Maybe I’m just not the the sharpest knife in the drawer, but I don’t see how they get there from here.
We know that engagement totally matters to Outlook.com. In 2010, Microsoft rolled out a host of new features that weigh individual recipient engagement and makes deliverability decisions based on those metrics. Those tools automatically move unengaging email out of the inbox – in some cases, it will move even after it’s already been placed there and languishes unopened.
That same year, Microsoft sued a well-known Russian spammer for trying to game their reputation engine. He created millions of fraudulent Hotmail accounts to engage with the mail he sent in hopes of improving his deliverability.
I’m confident Microsoft wouldn’t have made these substantial investments in creating and protecting these systems if engagement didn’t matter. It matters so much that Outlook.com will whisk unengaging mail out of the inbox even if it isn’t spam. Senders who step up their unengaging campaigns will just see their mail swept away more often. I’m not sure that a fresh deluge of unengaging, swept messages represents lost revenue opportunities; there was no opportunity to begin with.
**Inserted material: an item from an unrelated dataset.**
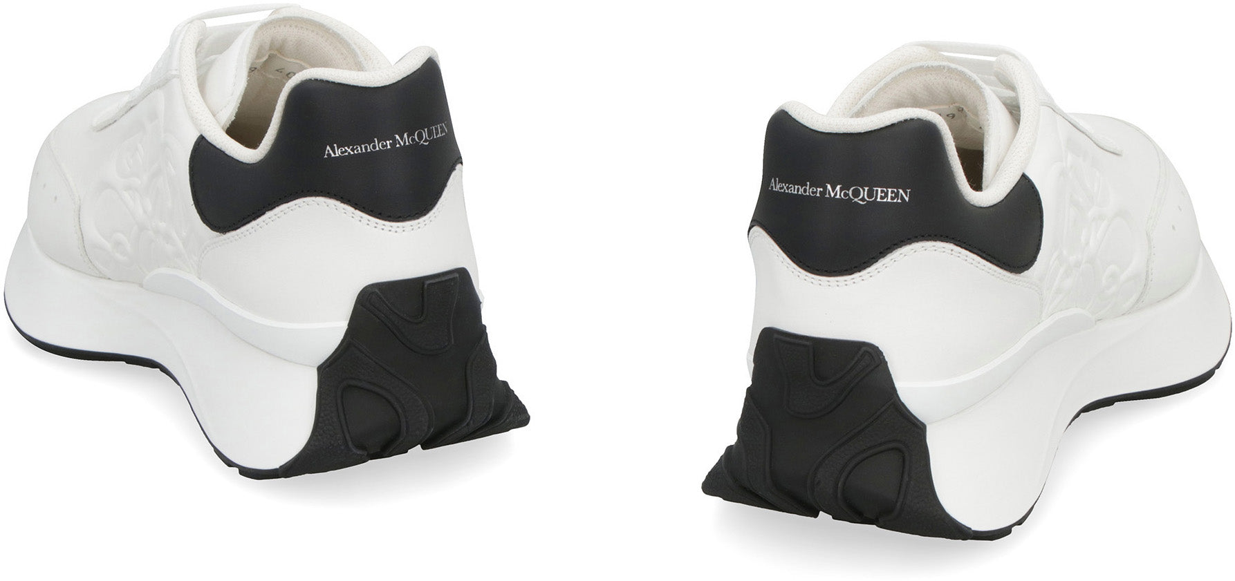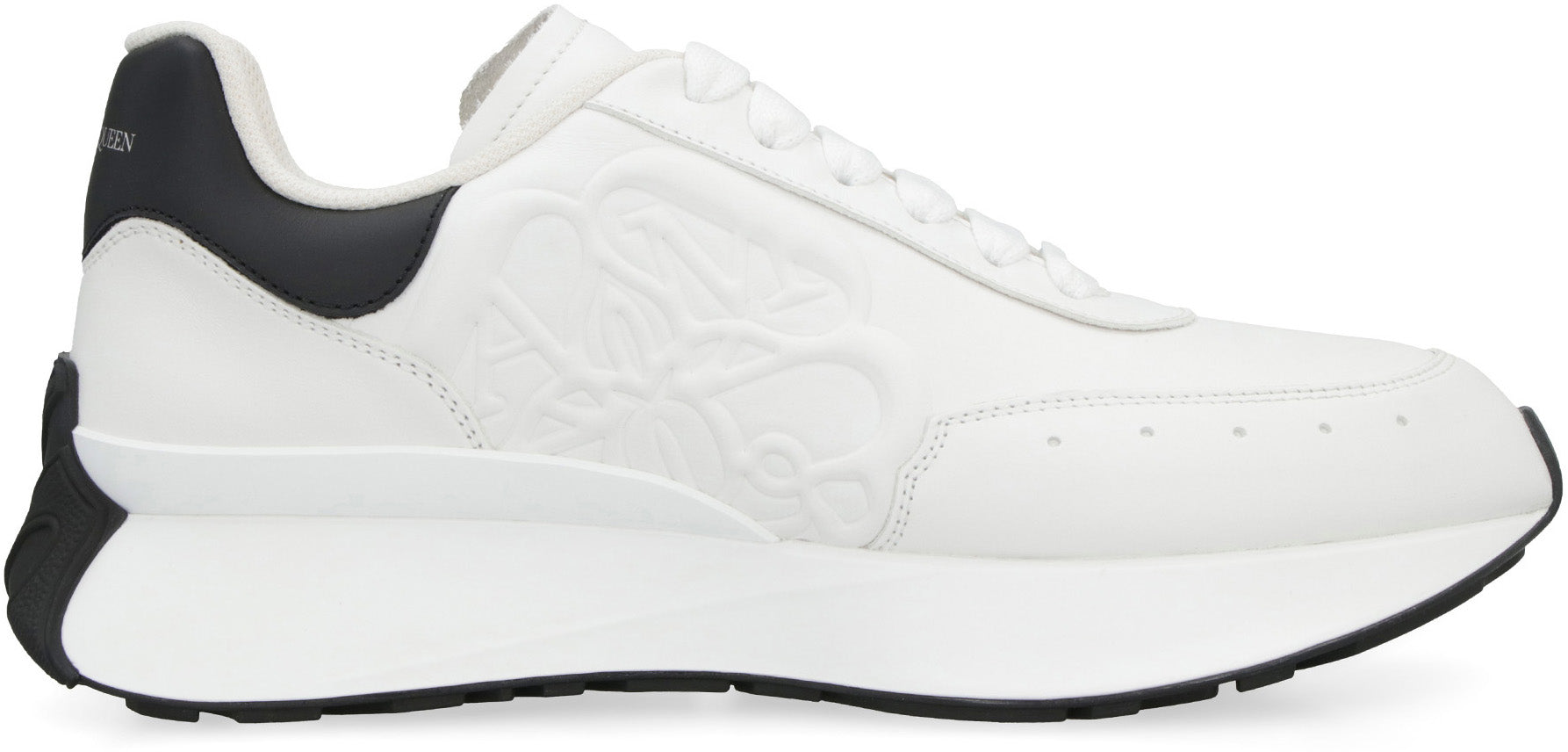 Elevate your sneaker game with these stunning SPRINT RUNNER SNEAKERS from Alexander McQueen. Crafted from luxurious nappa leather, these sneakers feature an embossed monogram on the outer side and a contrasting heel with the brand's iconic lettering logo. The large flat laces, signature tongue, and removable insole provide comfort and style, while the two-tone oversized rubberized runner sole adds a bold and modern touch to this must-have pair.

At the end of the day, senders should send more mail only to recipients who want more mail. If a segment of recipients opens your bi-monthly offer, send them a third each month and see if the open rate changes.
Send less mail to recipients who want less. Give them a link to a well-designed preference page that allows them to adjust their desired frequency and content.
Don’t send any mail to anyone who doesn’t want it, even if they’d indicated earlier that they do. If they’re not opening it, they’re probably not all that into you. Sending more unengaging mail is unlikely to change this. Bear in mind that the longer those zombie recipients hang around on your lists, the more likely it is that they’ll be converted into spam traps. Hit enough of those, and mail to all of your recipients (engaged or otherwise) will have a much harder time getting to the inbox. That, right there, is the real lost revenue opportunity.
To paraphrase an old aphorism: the loudest guy in the room isn’t always right; he’s just always the loudest. The same holds true for the inbox. Turn down your volume before the Internet does it for you.